And so it was that Zoe and I stood side by side touching the dead hand of Amos. Sarah was too grief-stricken to be surprised at Zoe's reappearance in our lives. She wailed incessantly: "What is free territory to me? My boy is dead! What is the end of slavery to me? My boy is dead! There was no use for this war, no use, no use! It needed never to be. If they had only listened to Douglas. What are Lincoln and Jeff Davis thinking of? My boy is dead."
And for nights after returning to Chicago I heard Sarah's voice crying: "my boy! my boy!"

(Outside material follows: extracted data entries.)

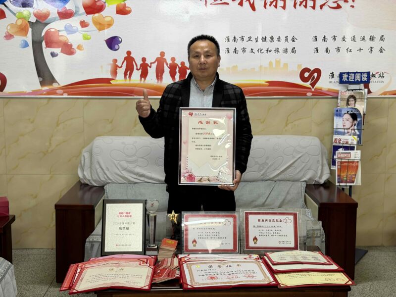 一份份榮譽默默見證著他的無私奉獻:他先后多次榮獲“全國無償獻血奉獻獎金獎”,還獲得代表國家最高褒獎的“全國無償獻血奉獻獎終身榮譽獎”。
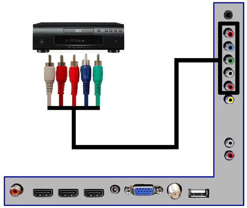 2. Obtain a Component Cable. Connect the green color connector to both your DVD player
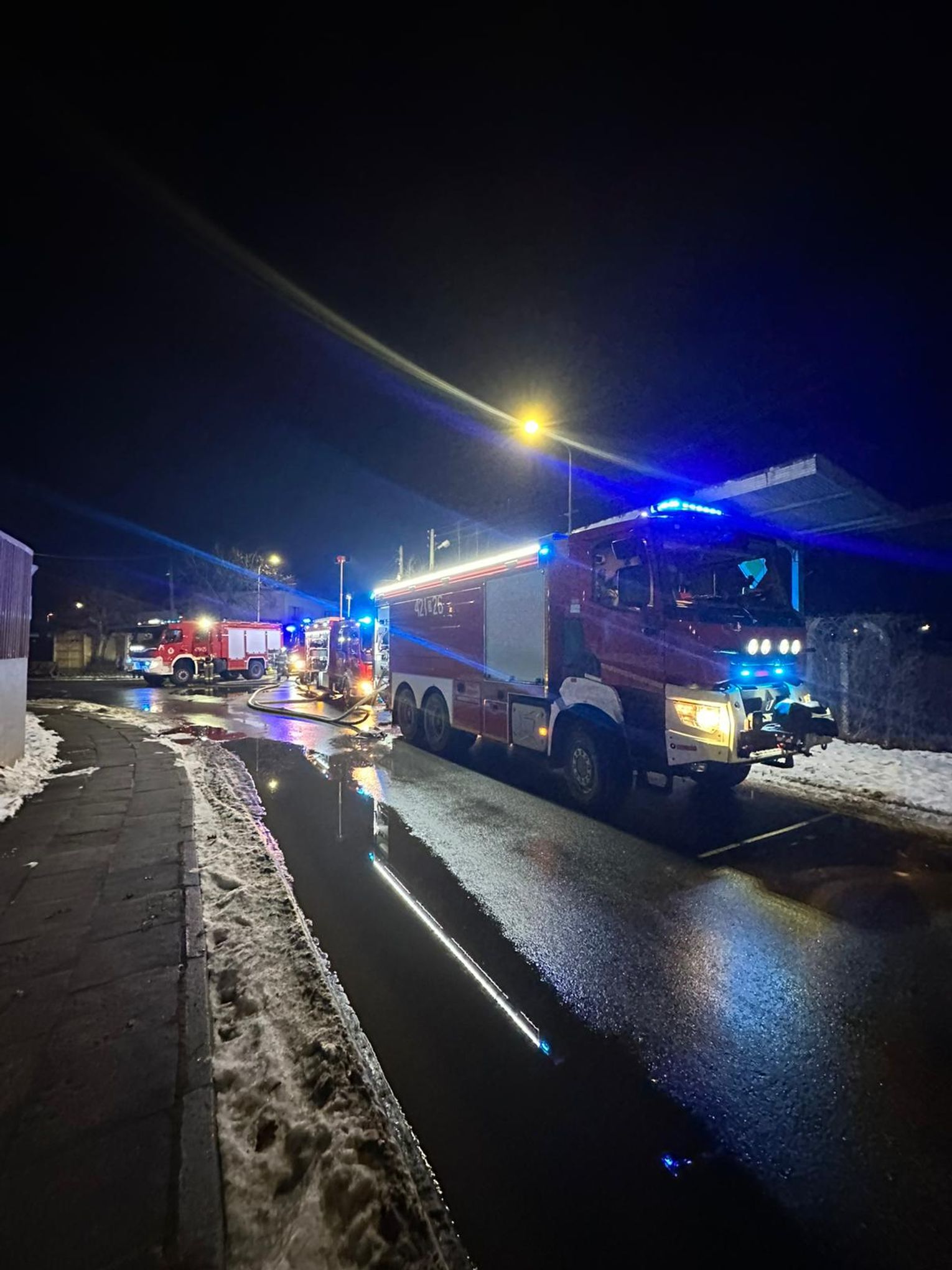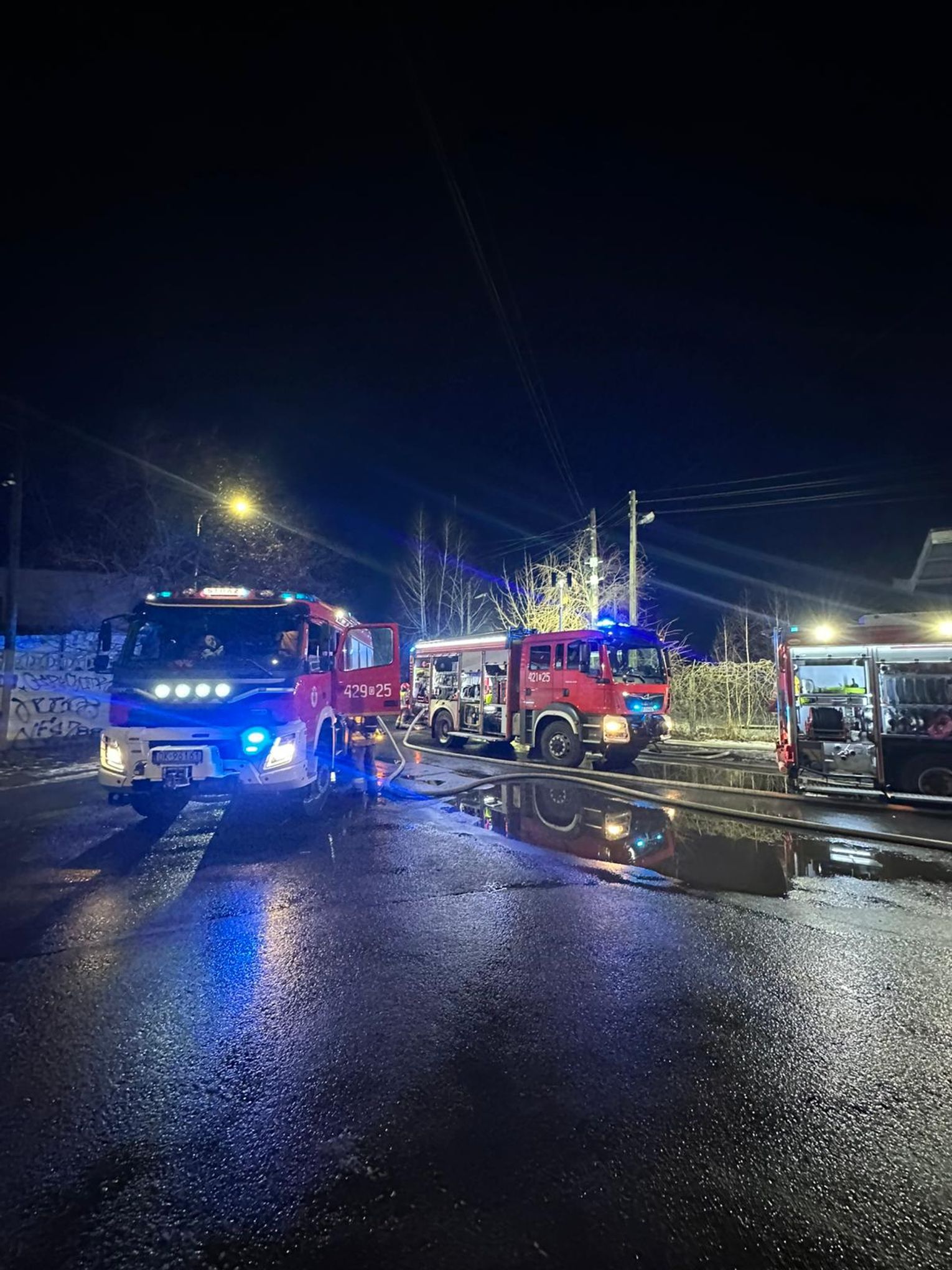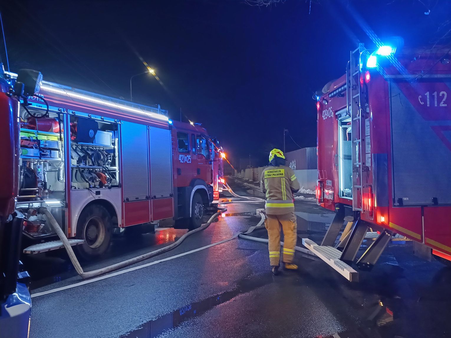 15 stycznia o godzinie 1:20 otrzymaliśmy zgłoszenie o pożarze pustostanu przy ulicy Powstańców w Kędzierzynie-Koźlu. Na miejsce skierowano zastępy z Jednostek Ratowniczo-Gaśniczych nr 1 i 2 w Kędzierzynie-Koźlu, a także zastępy OSP z terenu miasta. Po dojeździe na miejsce zastano pożar dwóch przyległych do siebie pustostanów, które całkowicie są objęte ogniem. Strażacy przystąpili do akcji gaśniczej, równocześnie działań mających na celu poszukiwania ewentualnych osób poszkodowanych. Przyczynę będzie ustalała policja w toku działań dochodzeniowo-śledczych. Na tą chwilę, godz. 3:30 działania polegają na dokładnym dogaszeniu pożaru, a także przeszukaniu obiektów czy nie ma osób poszkodowanych - mówił w trakcie działań st. kpt. Grzegorz Pawełek, Zastępca Komendanta Powiatowego Państwowej Straży Pożarnej w Kędzierzynie-Koźlu.
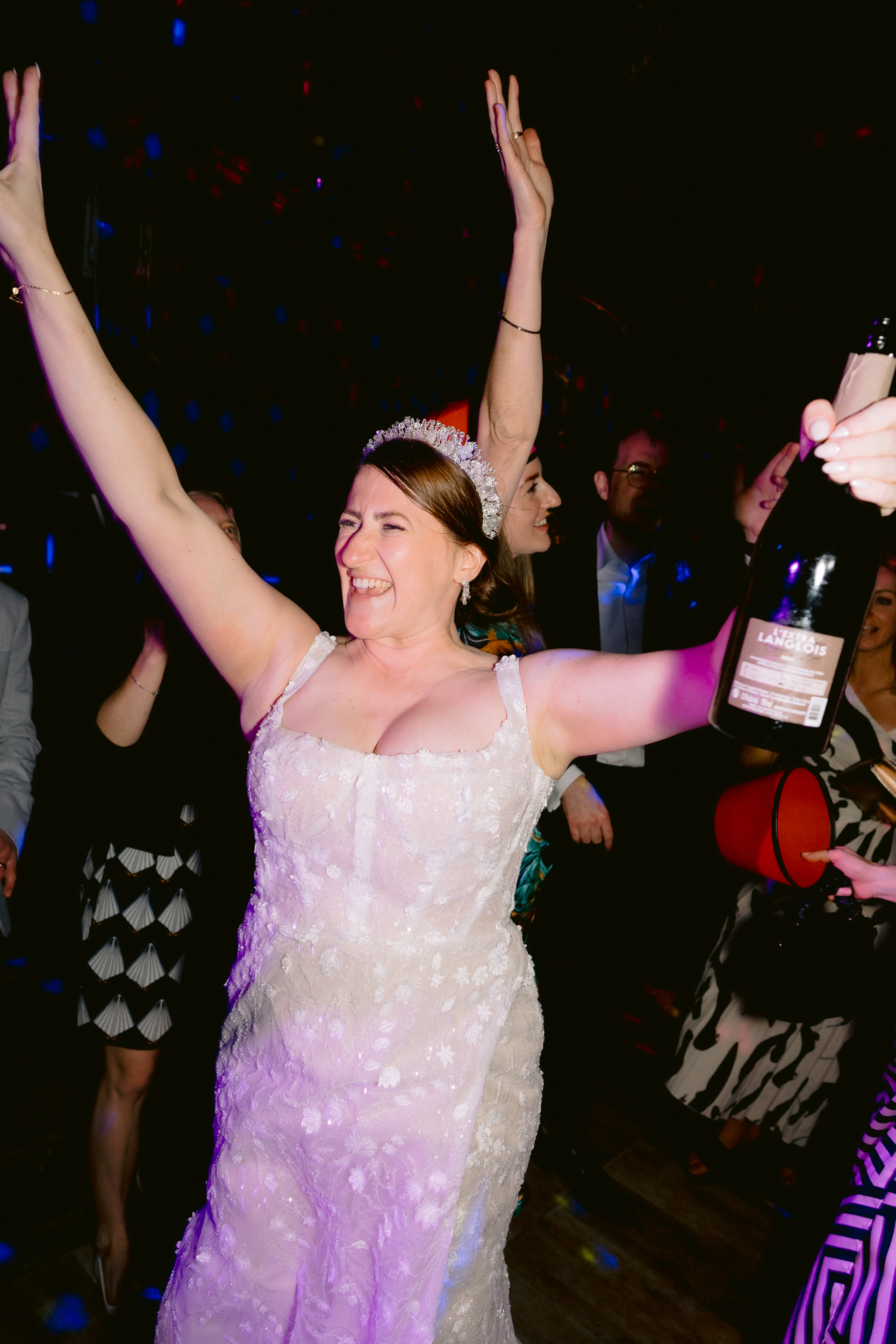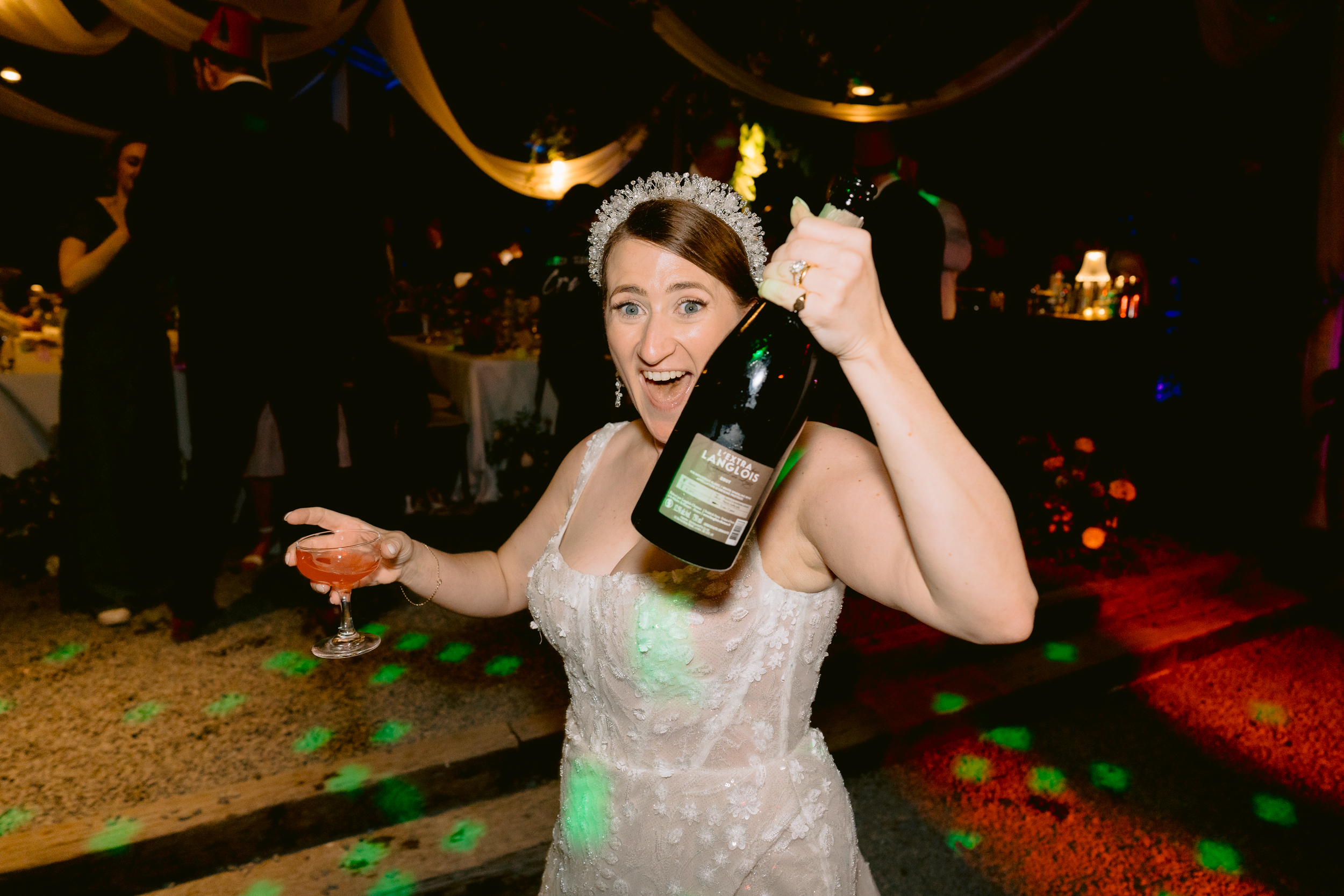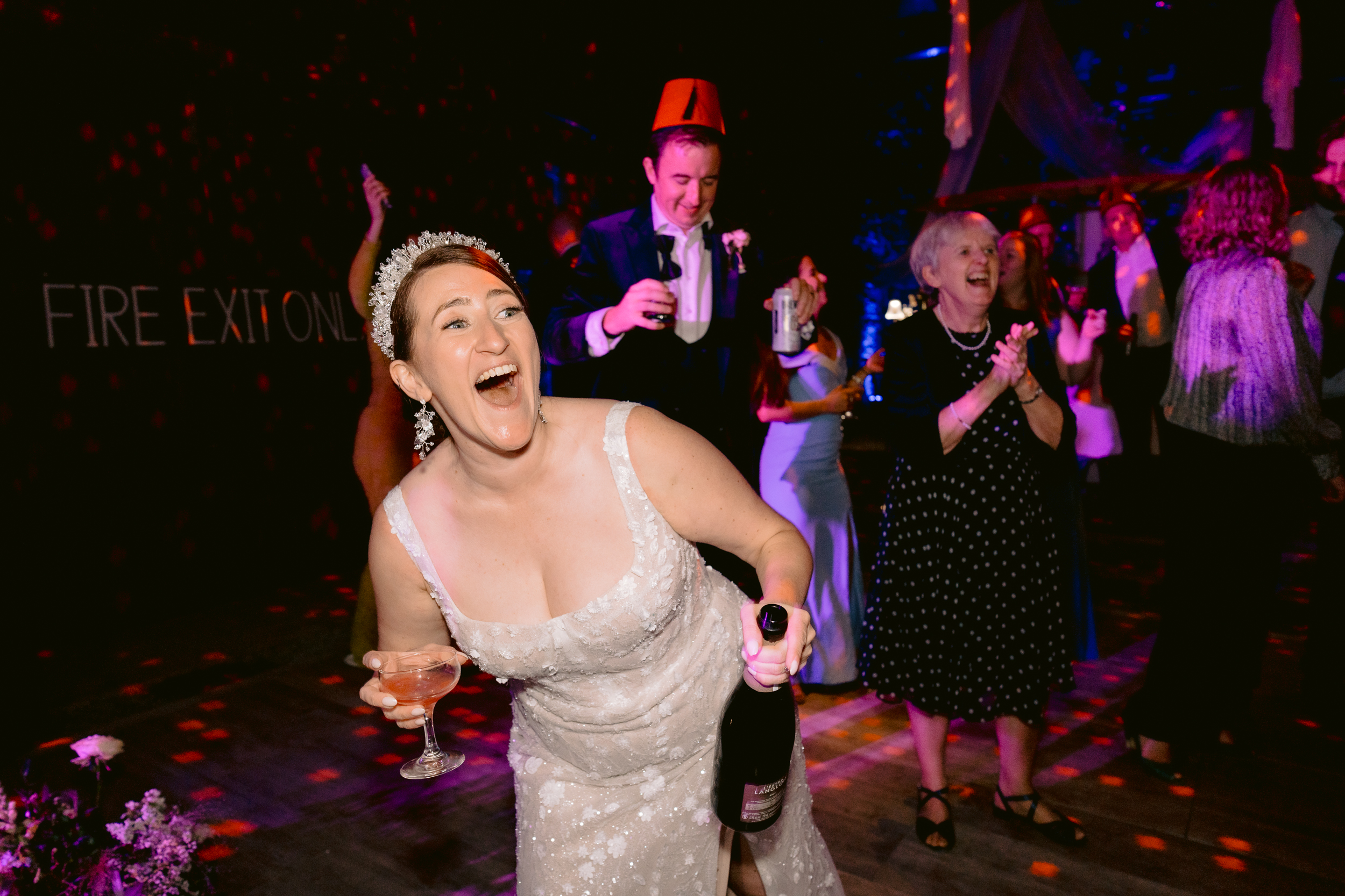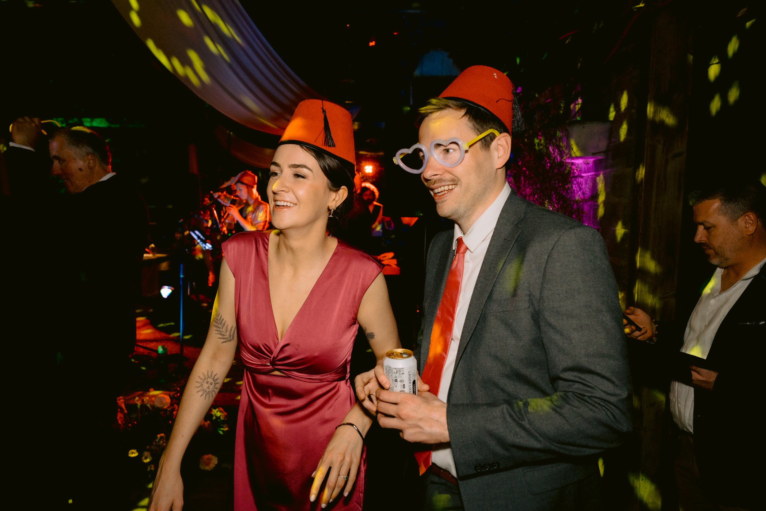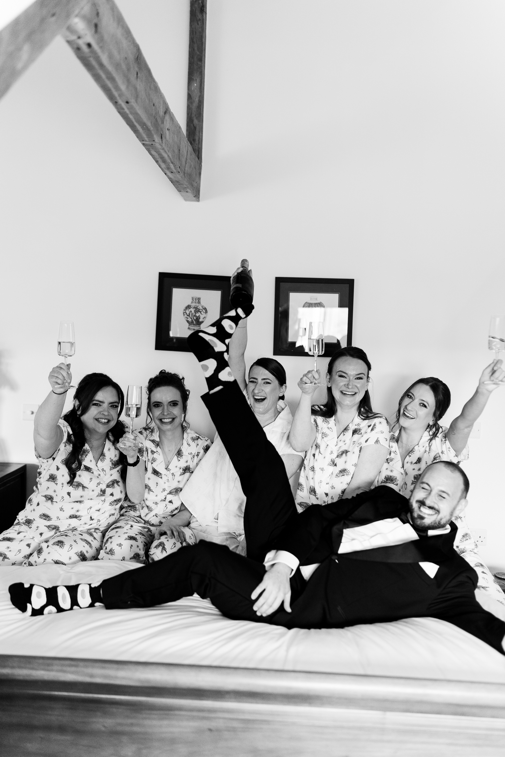 The couple’s attention to detail was incredible. They used illustrations of the venue on everything from their morning pyjamas to the bride’s phone case, to the bottles at the wedding breakfast. And finally, glow stick sunglasses and flashing ‘rings’ to light up the dancefloor. The team on the day was fantastic, with Georgina Rose Events as the wedding planner, Etiquette Events on the styling, and MB Weddings & Events on Content Creation.

The battle of Gettysburg has been fought. That single thing that makes or destroys every man had come upon General Lee and commanded him to follow. In his case it was audacity. He had invaded Pennsylvania and been hurled back. And not long after I heard that Isabel's husband had been killed in that terrible battle. She did not write me. The silence of life had come over us.
I read the Gettysburg address of Lincoln. It moved me like a symphony. But I did not believe it to be true. This government was not conceived in liberty. It was not dedicated to the proposition that all men are created equal. We were not engaged in a strife which tested whether this government so conceived and so dedicated could survive. The South could have set up a separate government and the same liberty and the same equality which informed the union would have remained intact. Isabel's husband, and the other thousands who had died there had not consecrated the ground unless the Union meant something more than a union. It had to mean liberty and more than the emancipation of the negroes for that ground to be consecrated. And a few years later its glory was detracted from by the machinations of merchants who grew fat on the blood of that battle. And yet I was moved by Lincoln's words more profoundly than by anything that I had ever read.
CONCLUSION
It is April 23d, 1900. Three hundred and thirty-six years ago to-day a man named Shakespeare was born. He lived with some gnawing at his heart, wrote some plays, and died. He was wise enough, I fancy, to see that the joke is on those who remain in life, not those who leave it. Eighty-seven years ago to-day Stephen A. Douglas was born. He lived, stormed about these States, talked of great principles, was tossed aside by a squall on the universe of things, and died. It is now thirty-nine years since he summed up his life's wisdom in the words: "Tell my children to obey the laws and support the Constitution." That was about the summation of Socrates' wisdom, this matter of the laws, as he lay in prison opposite the Acropolis. He refused to walk forth free, except by the law. If I live until June the eighteenth I shall be eighty-five years of age. On the score of age I should feel much wiser than Douglas who died at forty-eight and Socrates who died at sixty. I feel that I am a good deal like Shakespeare. I have very little respect for the laws--at least for the written laws. I am not so sure about the higher law, if I am left to determine it. But in truth I am a good deal in doubt as to what is right, and what is wrong, what good and what evil. And I never know what the law is. I have wondered about it all my life. I have thought at times I knew, but I have been for the most part betrayed and fooled.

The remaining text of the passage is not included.